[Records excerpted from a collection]

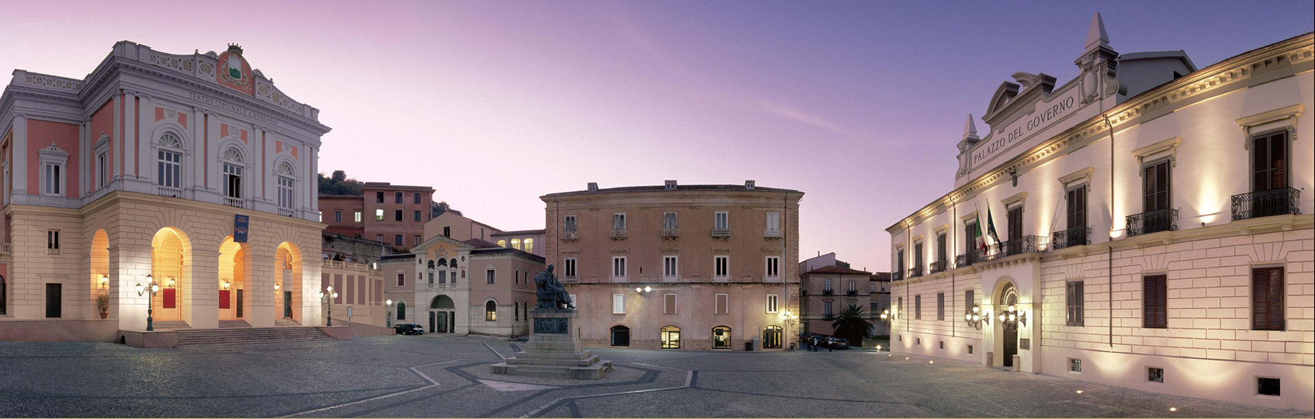 piazza-XV-marzo.jpg Cosenza_Palazzo della Provincia_Teatro Rendano con monumento a Bernardino Telesio
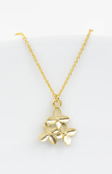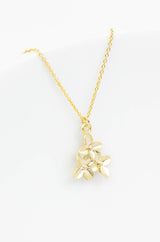 An der feinen goldenen Kette ist ein Anhänger mit drei zarten Blüten befestigt.
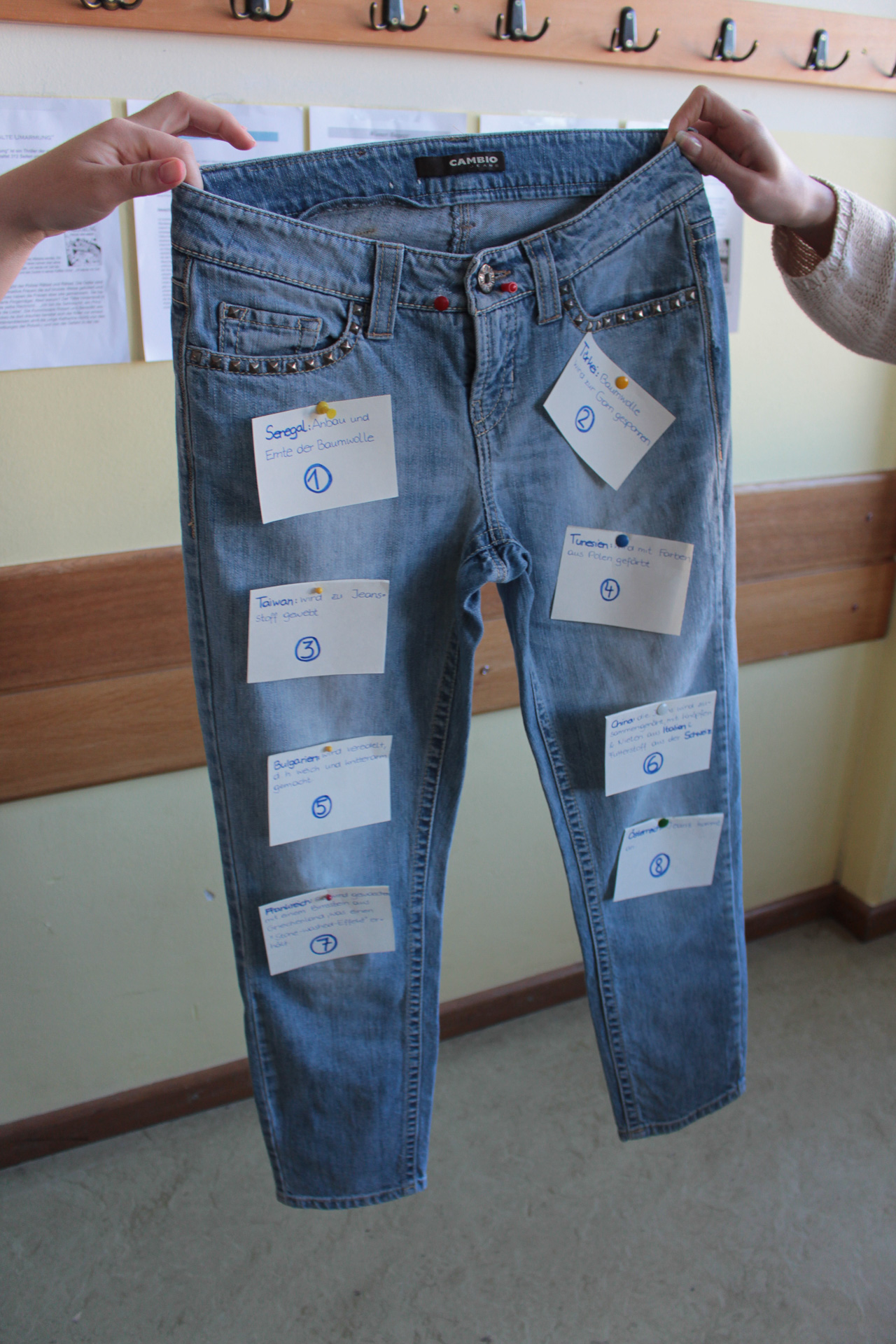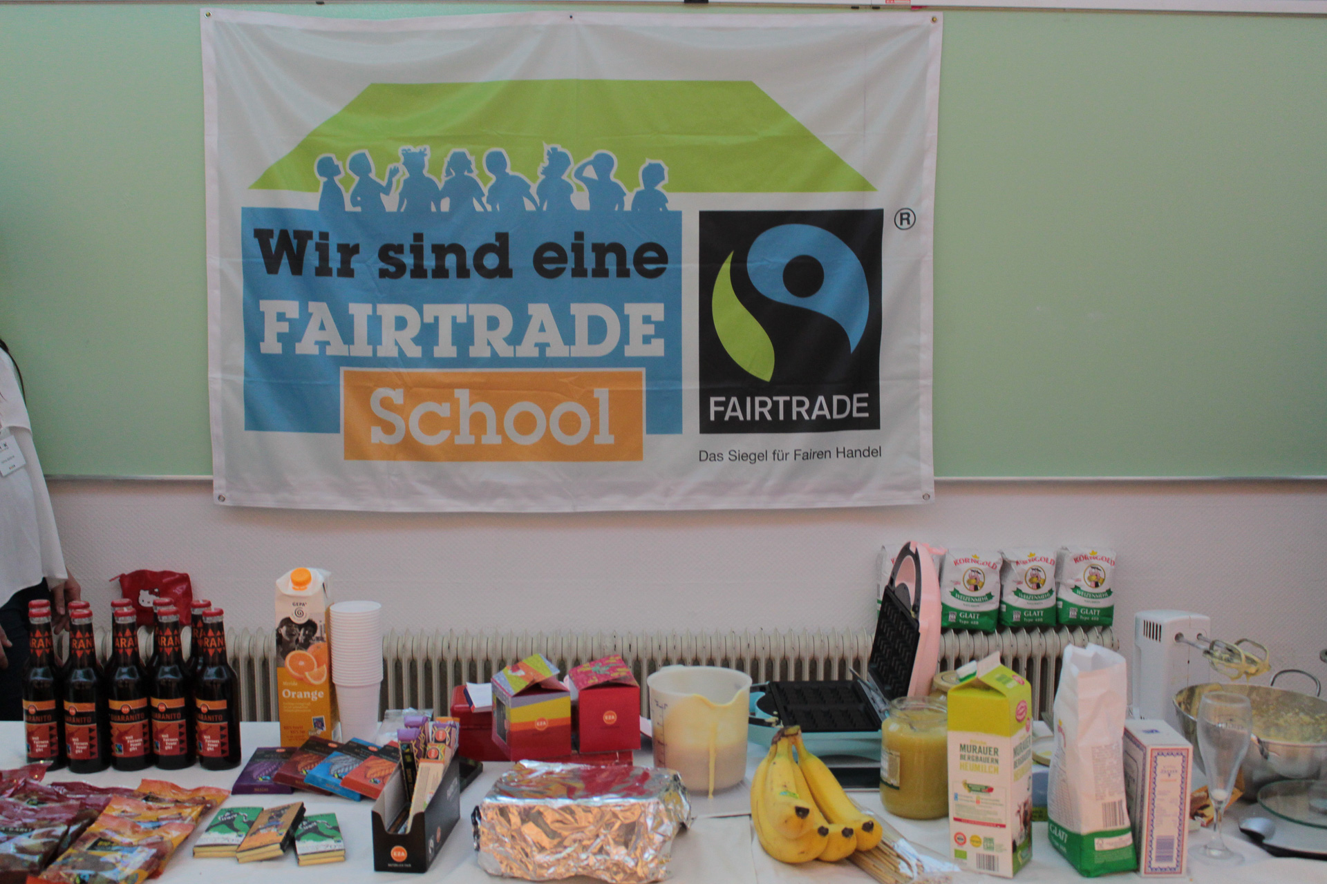 Es gab einen Verkaufsstand vom Weltladen bei dem auch faire Waffeln erzeugt und verkauft wurden. es wurden Vorträge zu den Theman Kinderarbeit, Jeans und Kakao besucht sowie das Thema im Unterricht aufgearbeitet.
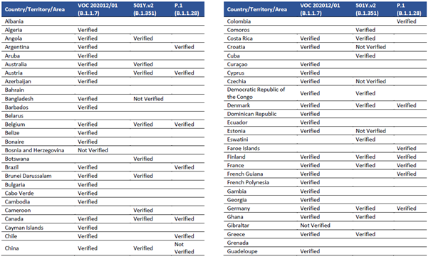 VOC bildiren ülke sayısı artmaya devam etmektedir (Tablo 2, Şekil 3, 4 ve 6, Ek 2). Bu bilgiler, sekanslama kapasitesindeki ülkeler arasındaki farklılıklar ve sekanslama için hangi numunelerin önceliklendirildiği dahil, ancak bunlarla sınırlı olmamak üzere, devam eden sürveyansın sınırlamaları dikkate alınarak yorumlanmalıdır. DSÖ, gözetim ve sekanslama kapasitesinin güçlendirilmesi ve SARS-CoV-2 varyantlarının bulaşma kapsamının temsili bir göstergesini sağlamak için sistematik bir yaklaşım savunmaya devam etmektedir; yerel epidemiyolojik duruma ve kapasiteye ve olağandışı olayların tespitine dayanır.
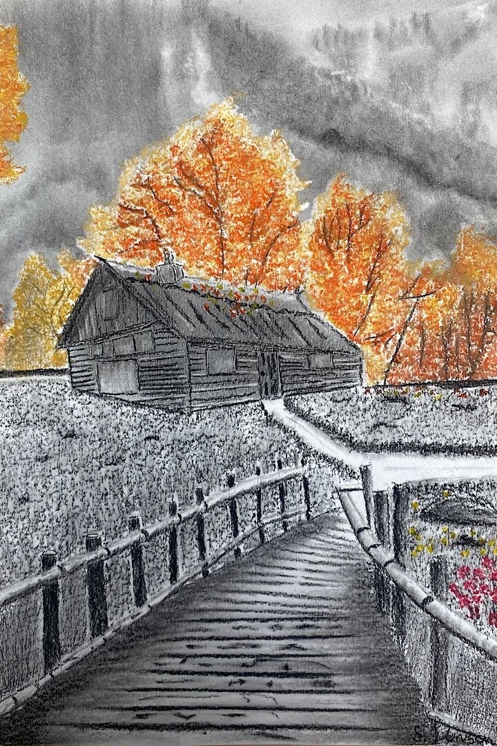 Autumn in Mountains- Charcoal and Soft Pastel Drawing by S.Jensen
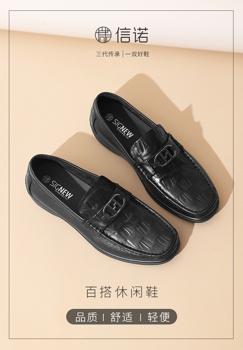 信诺真皮男士豆豆鞋2025新款春季商务休闲乐福鞋中年爸爸鞋男皮鞋N5C115-16

*Problem to work on*. Please transcribe, word for word, every line from the first line of the records above through the line containing "Es gab einen", and leave out any pictures.

*Answer for this exercise*.
 piazza-XV-marzo.jpg Cosenza_Palazzo della Provincia_Teatro Rendano con monumento a Bernardino Telesio
 An der feinen goldenen Kette ist ein Anhänger mit drei zarten Blüten befestigt.
 Es gab einen Verkaufsstand vom Weltladen bei dem auch faire Waffeln erzeugt und verkauft wurden. es wurden Vorträge zu den Theman Kinderarbeit, Jeans und Kakao besucht sowie das Thema im Unterricht aufgearbeitet.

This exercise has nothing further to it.